Personal information
- Born: 10 February 2002 (age 24) Tehran, Iran

Chess career
- Country: Iran (until 2018) England (since 2018)
- Title: FIDE Master (2016)
- Peak rating: 2400 (November 2022)

= Borna Derakhshani =

Iranian-English chess player (born 2002)

Borna Derakhshani (برنا درخشانی; born 2002) is an Iranian-English chess player. He has represented England in competition since April 2018. He was awarded the title FIDE Master (FM) in 2016.

==Career==
Derakhshani was a Chess Youth Champion in Iran, and won a silver medal in the Individual Asian Chess Championship in 2012. Derakhshani won several youth open international tournaments, including in Biel, Switzerland; Abu Dhabi in 2013, 2014, and 2015; the Youth International in Gibraltar in August 2017; and the Asian Youth Team Chess Championship in China, 2016, with a silver medal on Board 2.
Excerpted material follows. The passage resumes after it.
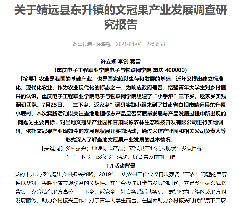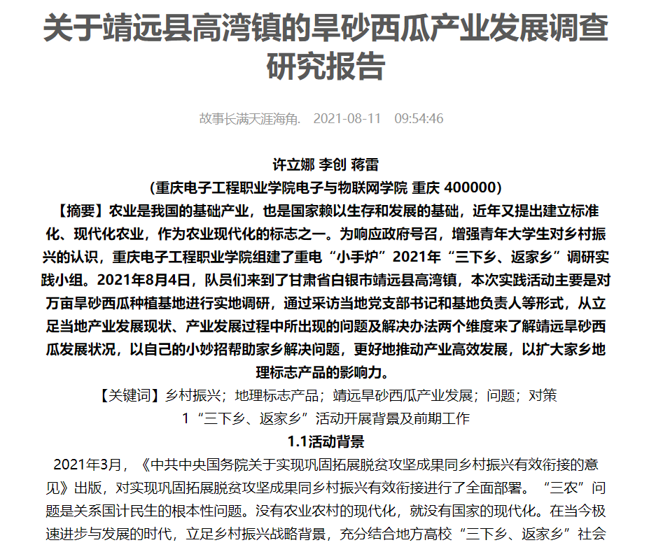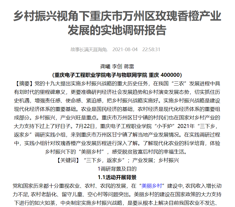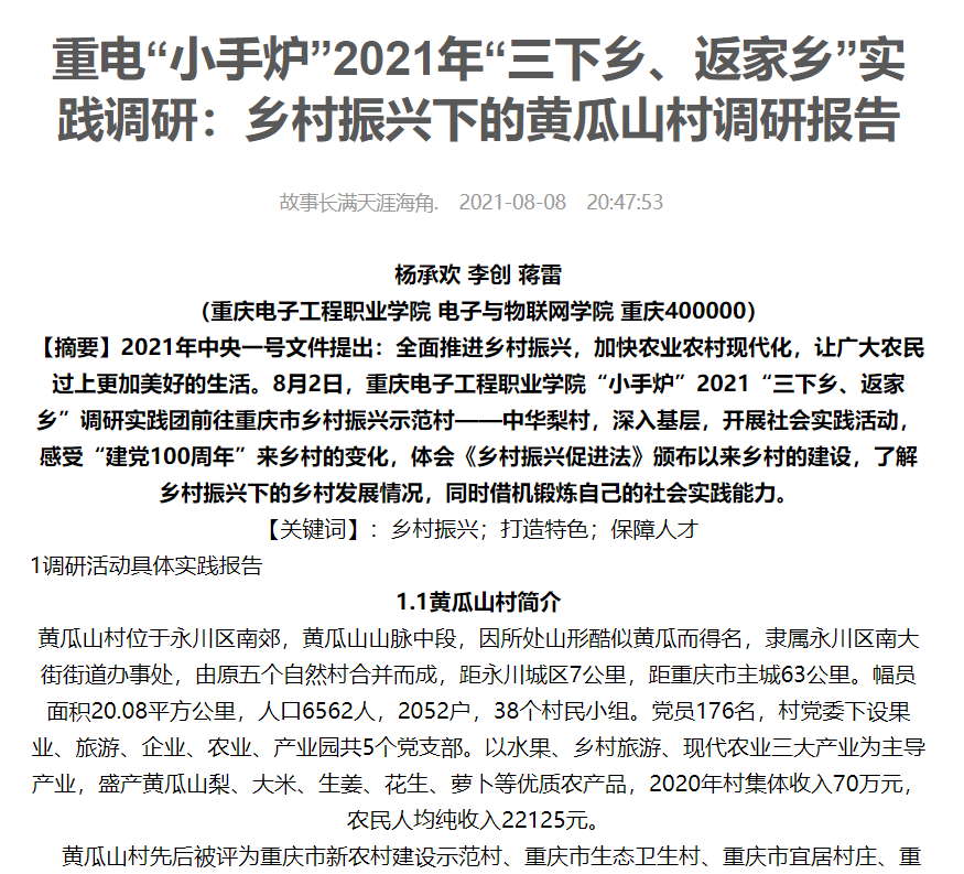 党的十九大报告指出,实施乡村振兴战略,要坚持农业农村优先发展,按照产业兴旺、生态宜居,乡风文明、治理有效,生活富裕的总要求,建立健全城乡融合发展体制机制和政策体系,加快推进农业农村现代化。随着“乡村振兴战略”的提出和稳步实施,乡村发展被摆放到了一个更高的高度,一些乡村也发生巨变,取得了可喜的成绩:路变宽了,产业变多了,居住环境变好了,文化设施也多了,乡村越来越美丽,越来越有活力。重庆电子工程职业学院HAHA体育“小手炉”2021年“三下乡、返家乡”调研实践小组9位成员,回到自己的家乡开展社会实践调研活动。在重庆市、河北省、甘肃省等16个乡镇街道社区进行实践调研,最终形成了45763余字的文字材料,并成功发表于中国青年网、老员工网报等国家主流媒体。
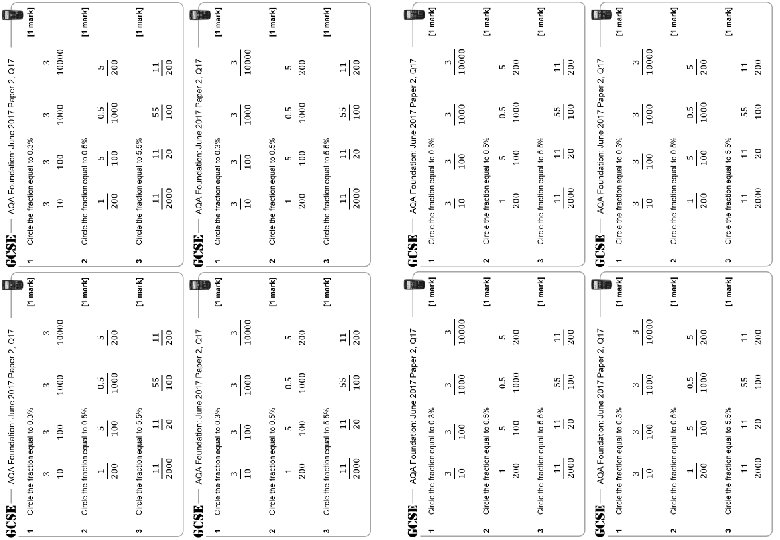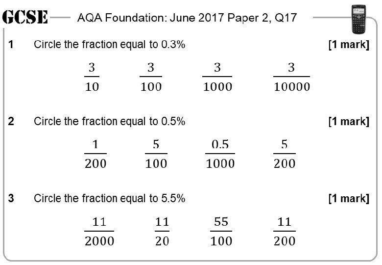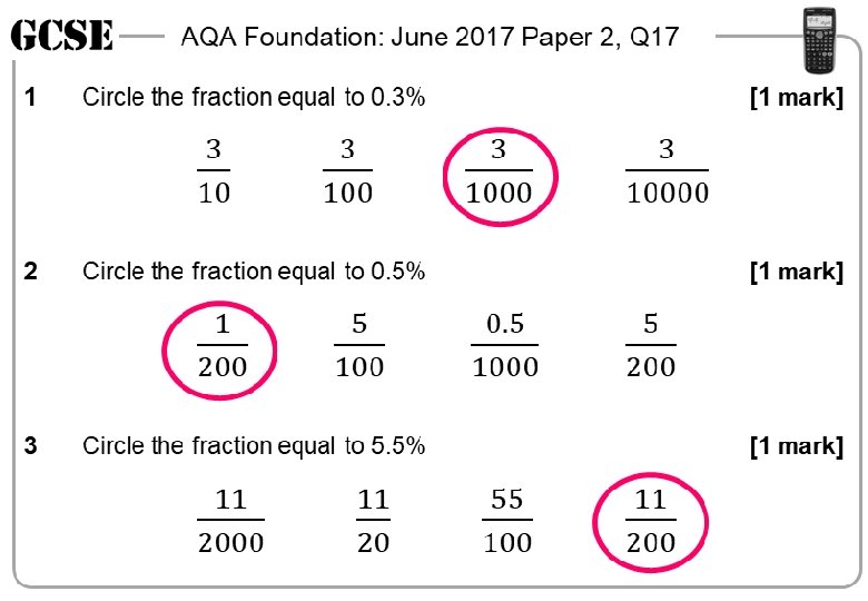 AQA Foundation: June 2017 Paper 2, Q 17 1 Circle the fraction equal to 0. 3% [1 mark] 2 Circle the fraction equal to 0. 5% [1 mark] 3 Circle the fraction equal to 5. 5% [1 mark]

===Conflict with Iranian Chess Federation===
In February 2017, the Iranian Chess Federation banned Derakhshani from playing for the Iranian youth national team or any other tournament in Iran because he played against Israeli grandmaster Alexander Huzman in the first round of the International Gibraltar Chess Tournament in January 2017. The ban was implemented because Iran does not recognize Israel as a country.

===United Kingdom===
After the ban and receiving several bad press releases from the media and authorities, Derakhshani decided not to return to Iran. He moved to the UK where he switched to the English Chess Federation. He won the British Youth Chess Championship Under 16 category in 2018 and won in the Under 18 category in 2019. He won a silver medal and finished second in the Under 21 British Chess Championship. Derakhshani represented the UK national team in 2019 at the European Team Youth Chess Championship where he finished second on Board 2. He is a member of the 4NCL UK super league, playing for the Wood Green team.